Question

In corn the glossy trait (AA) gives glossy leaves and the ramosa trait (BB) determines branching of ears, a test cross produced the following results:

Normal leaved and normal branches                   395

Glossy leaved and ramosa branching 382

Normal leaved with ramosa branching 223

Glossy leaved with normal branching 247

Total of 1247 offspring.

Are the glossy and ramosa genes linked ? Test your hypothesis.
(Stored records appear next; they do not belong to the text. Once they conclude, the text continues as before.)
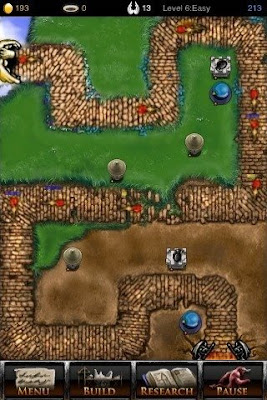 Tap Defense is a simple (but very addictive) game, based on three maps and six tower types, all of which work pretty nicely together. What makes it so good though is that fact that you earn interest on any gold that you save (rather than emptying the pot by buying or upgrading towers). This means that unlike other Tower Defense games the optimum strategy is not to build the most powerful defense, but to build the minimum defense that will work on any given level.
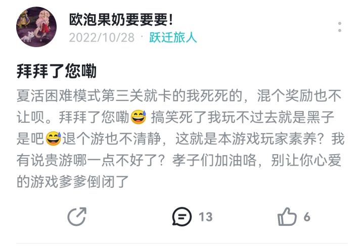 当初退游的时候吐槽了一下肉鸽,一群人追着我骂。啧,天道好轮回啊(本人的吐槽帖未使用任何敏感词汇和不干净言论😋)#宝藏厂商#游戏讨论
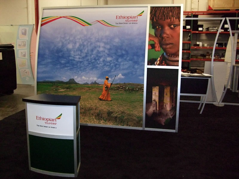Trade Show Kiosks and Counters with Tension Fabric Header
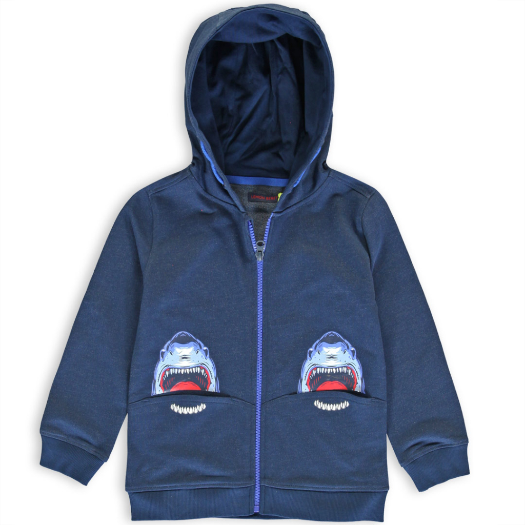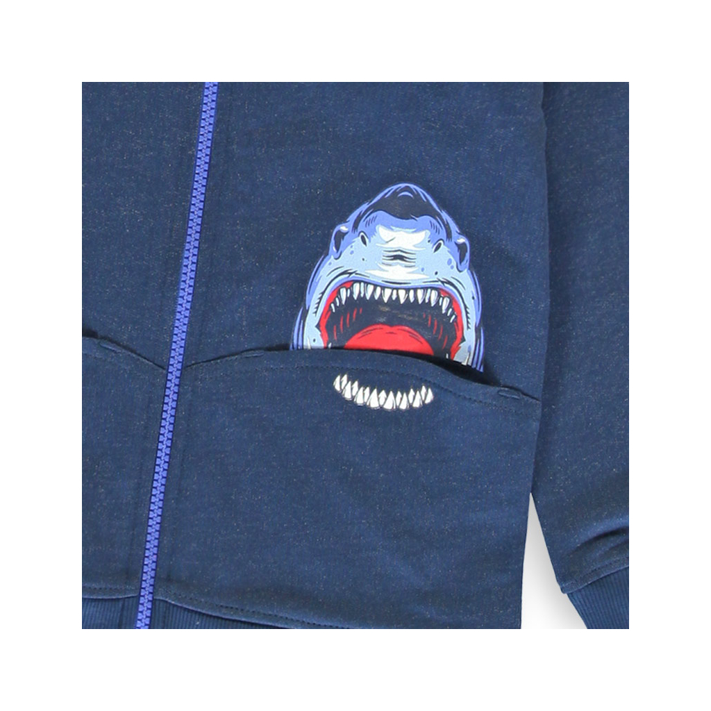 Rozopínacia chlapčenská mikina s kapucňou. Super potlač žralokov vykúkajúcich z vreciek. Teplákovina na rube bez chĺpku.Dodatočné parametre
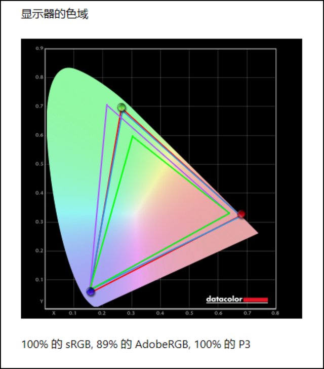 ▲实测色域100%sRGB,100%P3,符合宣传。48的色准最大值3.34,最小值0.06,平均值0.56,一般来说,2.5K 240Hz屏的色准表现都不错,这点大家基本不用担心,用作视频创作没问题。
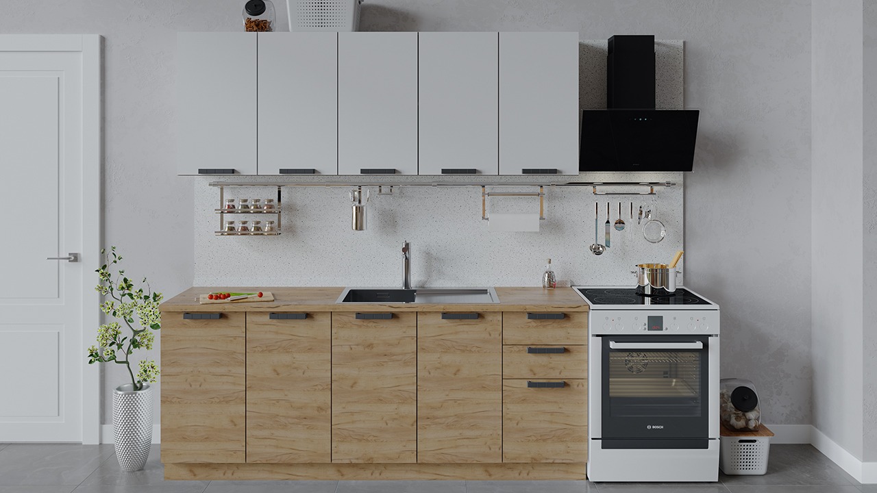 Габаритный размер набора модулей без учета газовой плиты: 200 см.
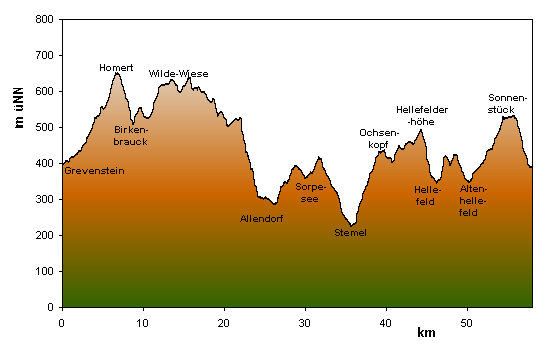Sehr gut vom sauerländischen Gebirgsverein markierte Strecke, häufig anspruchsvoll,
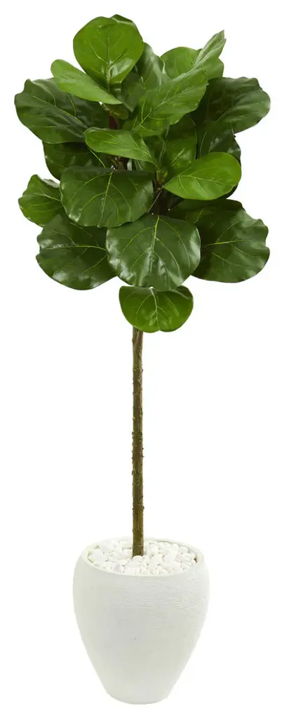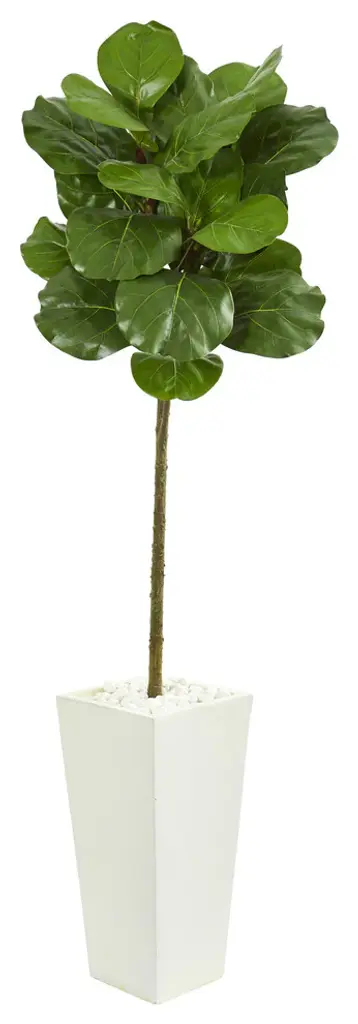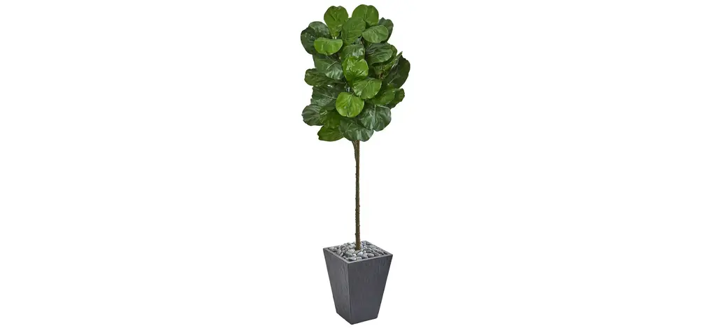 The green leaves of this 6e artificial fiddle leaf tree contain a noticeable sheen to themeas if water was running down their surfaces. With a slate finished planter included, use this piece to decorate your home or office by setting it near the roomes entryway, or tuck it in close behind a chair in order to witness the beauty of this artificial plant up close.
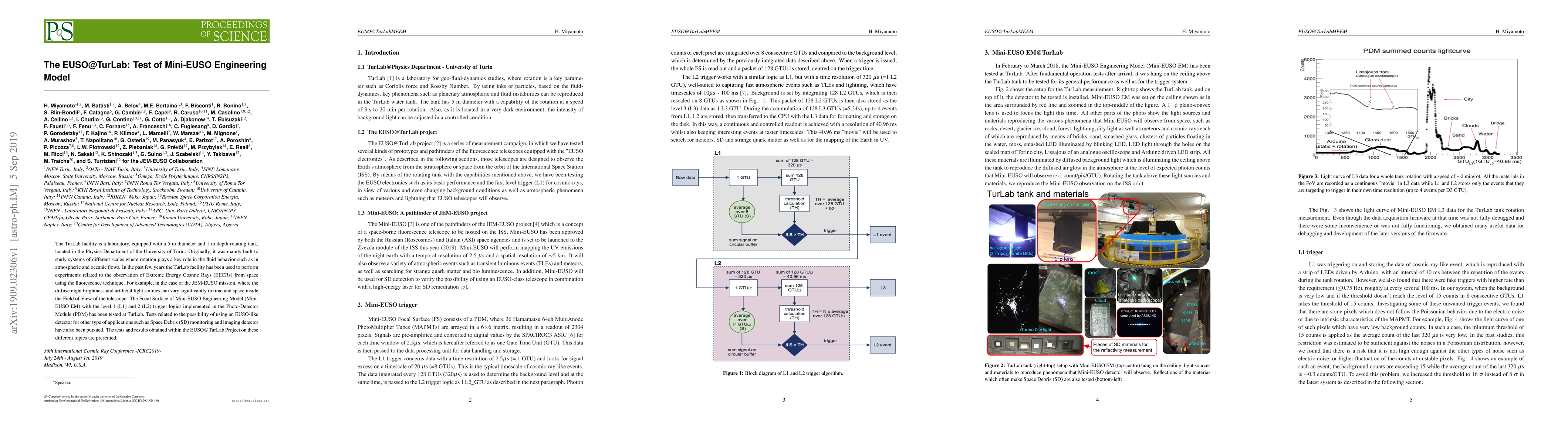 The TurLab facility is a laboratory, equipped with a 5 m diameter and 1 m depth rotating tank, located in the Physics Department of the University of Turin. Originally, it was mainly built to study systems of different scales where rotation plays a key role in the fluid behavior such as in atmospheric and oceanic flows. In the past few years the TurLab facility has been used to perform experiments related to the observation of Extreme Energy Cosmic Rays (EECRs) from space using the fluorescence technique. For example, in the case of the JEM-EUSO mission, where the diffuse night brightness and artificial light sources can vary significantly in time and space inside the Field of View of the telescope. The Focal Surface of Mini-EUSO Engineering Model (Mini-EUSO EM) with the level 1 (L1) and 2 (L2) trigger logics implemented in the Photo-Detector Module (PDM) has been tested at TurLab. Tests related to the possibility of using an EUSO-like detector for other type of applications such as Space Debris (SD) monitoring and imaging detector have also been pursued. The tests and results obtained within the EUSO@TurLab Project on these different topics are presented.
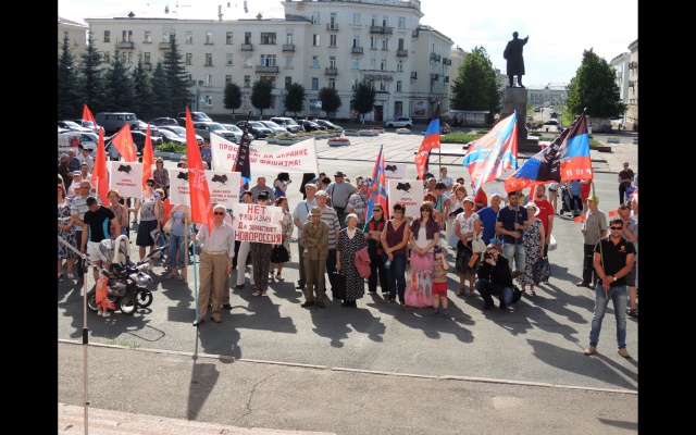Митинг собрал несколько сотен человек, которые пришли с единым призывом: не допустить распространение фашизма на территории братской страны. Наряду с российскими знамёнами над главной площадью города развевались флаги Донецкой и Луганской народных республик.
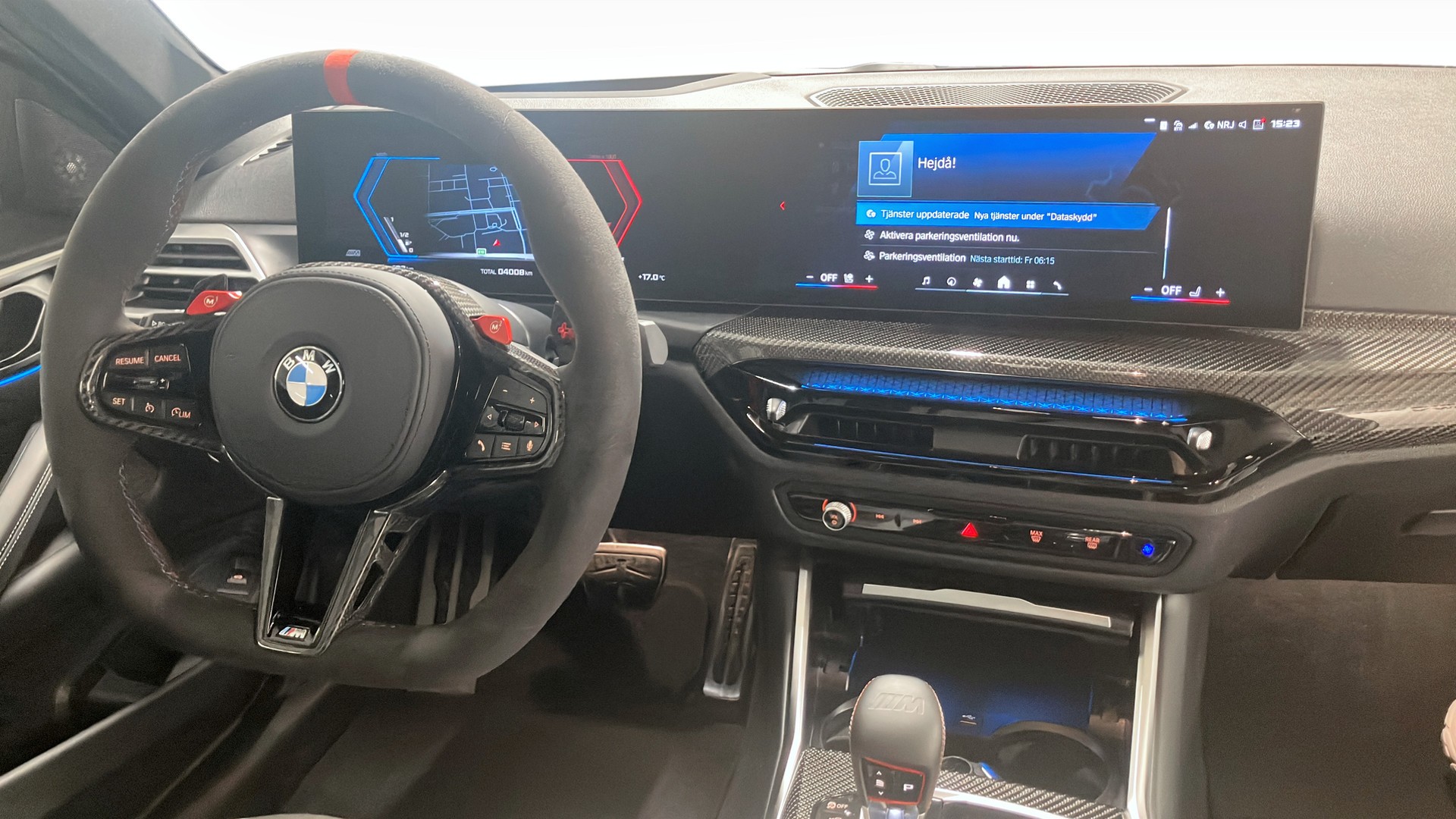 Invändigt möts du av läckert Läder Merino Silverstone/Black, M Sportstolar fram med elektrisk inställning och minne, svankstöd och stolsvärme. M Alcantara-ratt med rattvärme, BMW M antracit innertak och interiörlister i M kolfiber förstärker den sportiga känslan.

If they are linked calculate distance between them.

Answer 1

Solution

Are the glossy and ramosa genes linked?

Null hypothesis: genes are not linked.

Testing of null hypothesis: If genes are not linked they must follow the law of independent assortment according to which test cross (F1 generation offspring is crossed with a homozygous recessive individual) produces a ratio of 1:1:1:1 in F2 generation.

Glossy leaves with ramosa branching (AaBb) = 382

glossy leaves with normal branching (Aabb) = 247

normal leaves with ramosa branching (aaBb) = 223

normal leaves with normal branching (aabb) = 395

According to null hypothesis if genes are not linked they should be 1:1:1:1

therefore 1x +1x+ 1x+ 1x= 1247

4x=1247

x= 311.75 (expected value)

chi square= (observed- expected)²/ expected

= (382-311.75)²/311.75 + (247-311.75)²/311.75+ (223-311.75)²/ 311.75+ (395-311.75)²/ 311.75

= 75.6

degree of freedom (df) = number of genes minus 1 so it is 2-1= 1

So when we look at chi square distribution table (https://people.smp.uq.edu.au/YoniNazarathy/stat_models_B_course_spring_07/distributions/chisqtab.pdf) for degree of freedom 1, 75.6 is a very high value so null hypothesis is rejected. therefore It is certain that two genes are linked together.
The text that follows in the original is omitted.